[Opening Given information section]

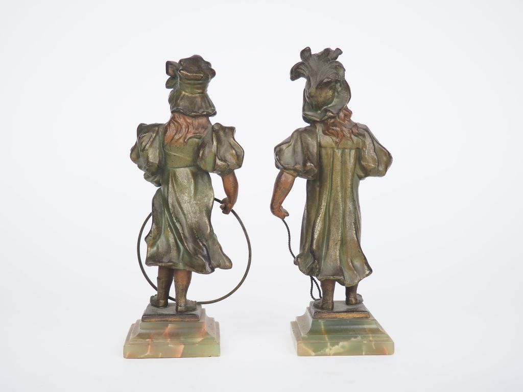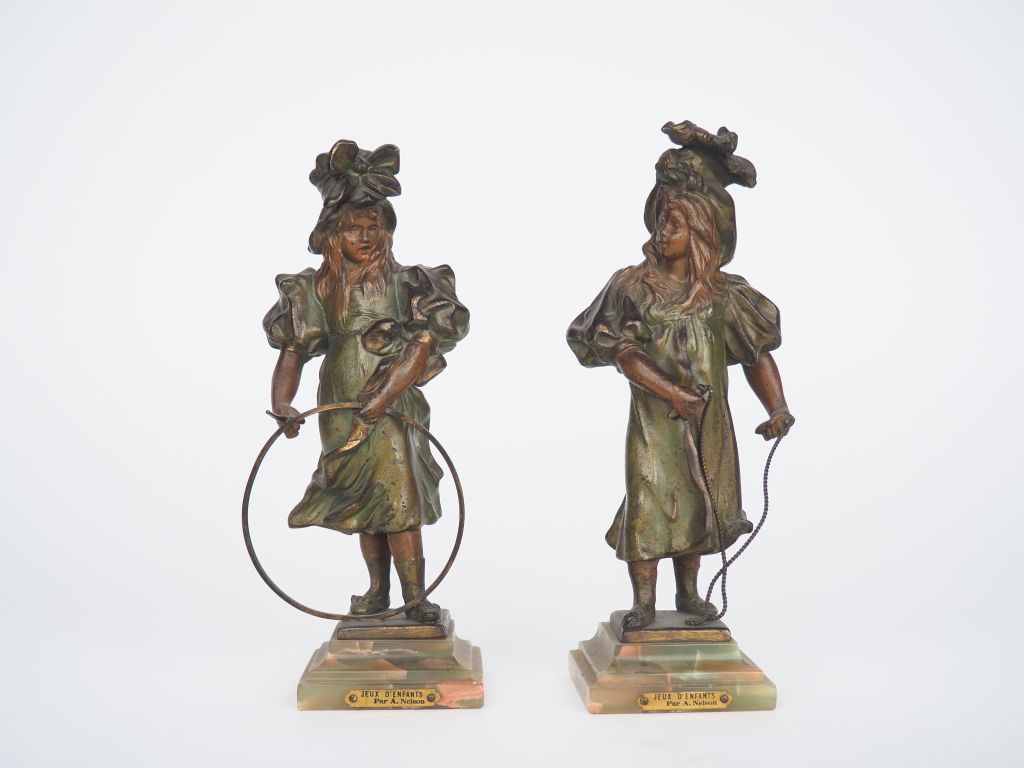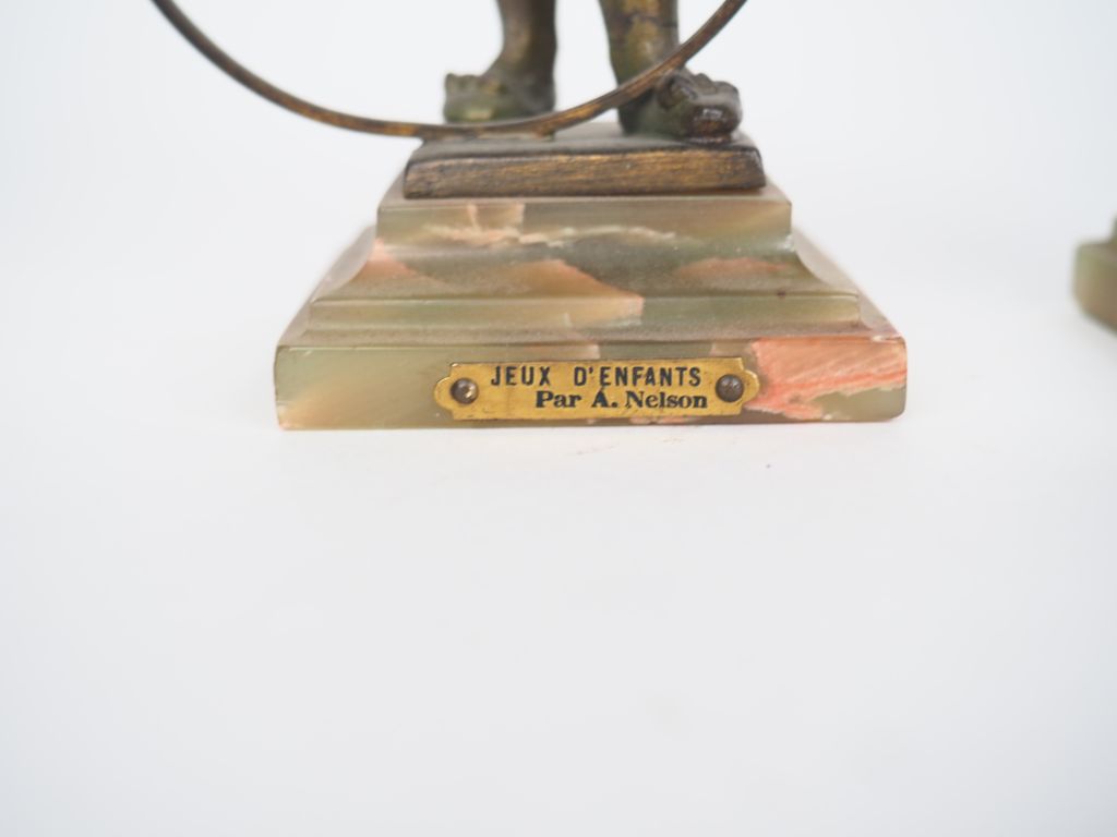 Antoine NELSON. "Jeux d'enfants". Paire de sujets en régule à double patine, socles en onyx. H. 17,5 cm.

[Closing Given information section]
[Opening Given information section]

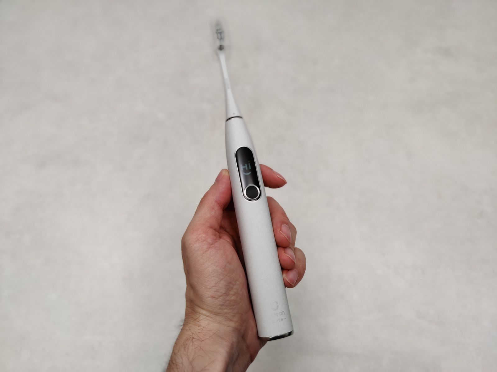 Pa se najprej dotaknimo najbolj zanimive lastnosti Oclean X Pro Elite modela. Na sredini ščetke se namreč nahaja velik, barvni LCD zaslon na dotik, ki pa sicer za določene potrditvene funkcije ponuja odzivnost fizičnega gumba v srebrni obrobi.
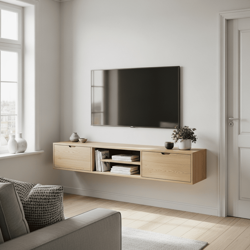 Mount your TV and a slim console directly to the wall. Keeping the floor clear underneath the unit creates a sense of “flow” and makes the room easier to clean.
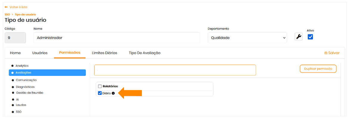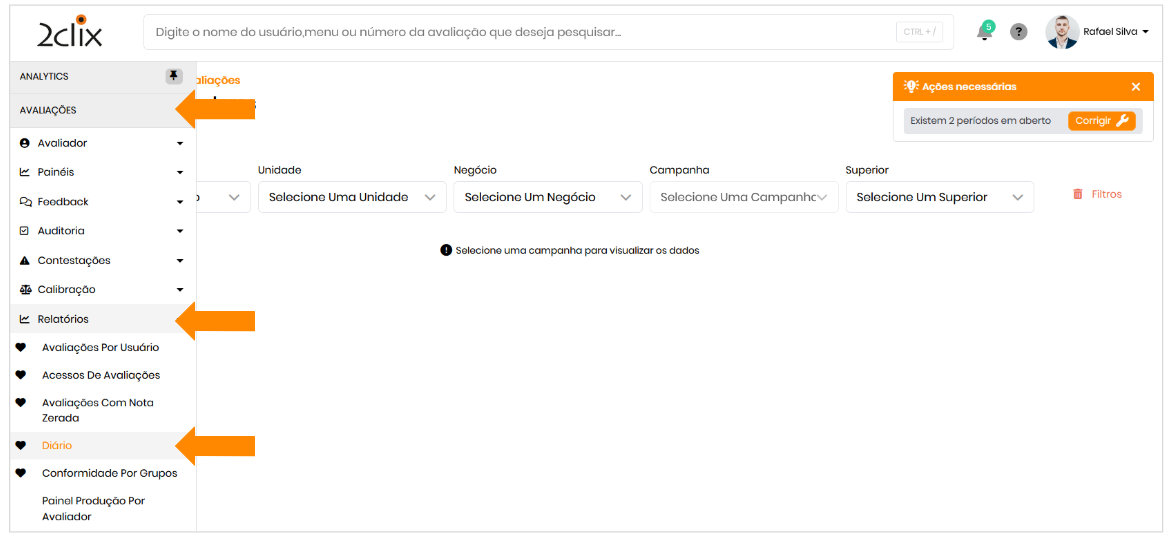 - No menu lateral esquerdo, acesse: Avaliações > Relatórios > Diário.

[Closing Given information section]

### [Exercise instructions]
Write out, word for word, the stretch of entries that begins at the line with "Mount your TV" and ends at the line with "- No menu lateral". Pictures do not belong in it.

### [Problem solution]
 Mount your TV and a slim console directly to the wall. Keeping the floor clear underneath the unit creates a sense of “flow” and makes the room easier to clean.
 - No menu lateral esquerdo, acesse: Avaliações > Relatórios > Diário.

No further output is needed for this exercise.